Marc-David Alba also known as Marc-David Lasource (/fr/; 22 January 1763 – 31 October 1793) was a French statesman during the French Revolution, and a supporter of the Girondist faction during the National Convention.

==Biography==
Born in Anglès, in the Department of Tarn in southwest France. A Huguenot, he studied theology at the seminary of Lausanne, Switzerland and received a certificate of consecration on 18 June 1784. He went on to hold the position of secretary at the provincial synod of Haut-Languedoc (1 May 1788) and served as a Protestant minister at Castres

Elected (30 August 1791) as a representative of the Department of Tarn to the Legislative Assembly (1791–1792).

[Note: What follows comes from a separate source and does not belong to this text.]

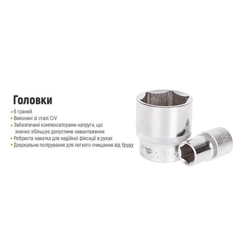Головки виготовлені з високоякісної легованої хромованадієвої сталі та мають трьошарове покриття. Інструмент здатний витримати великі навантаження. Також, головки обладнані компенсатором напруги та легко очищаються завдяки дзеркальному поліруванню поверхні.

He was appointed a member of the Extraordinary Commission of Twelve (12 August 1792 - 21 September 1792)

Alba was elected (3 September 1792) to the National Convention (1792–1793) once again as a deputy for Tarn, and he developed ties with the Girondist faction. He nevertheless voted for the death sentence in the trial of Louis XVI. He was sent on a mission to Nice, a city recently conquered by the French armies, and called its unification with France. He also served as a member of the Committee of General Security (24 January 1793 - April 1793) and as President of the National Convention (18 April 1793 - 2 May 1793). He made many powerful enemies, including Georges Danton, whom he accused of complicity in the treason of General Dumouriez (1 Apr 1793). With the fall of the Girondists he was proscribed (2 June 1793) and removed from the Convention, and ultimately condemned to death by the revolutionary tribunal (30 October 1793); guillotined (31 October 1793).

==Note on his name==
In some sources, his first name is recorded as Marie-David; La Source (Lasource) is a nom de guerre adopted by Alba as a Protestant priest prosecuted by official authorities. Jean Bon Saint-André and Jean-Paul Rabaut Saint-Étienne changed their names under similar circumstance.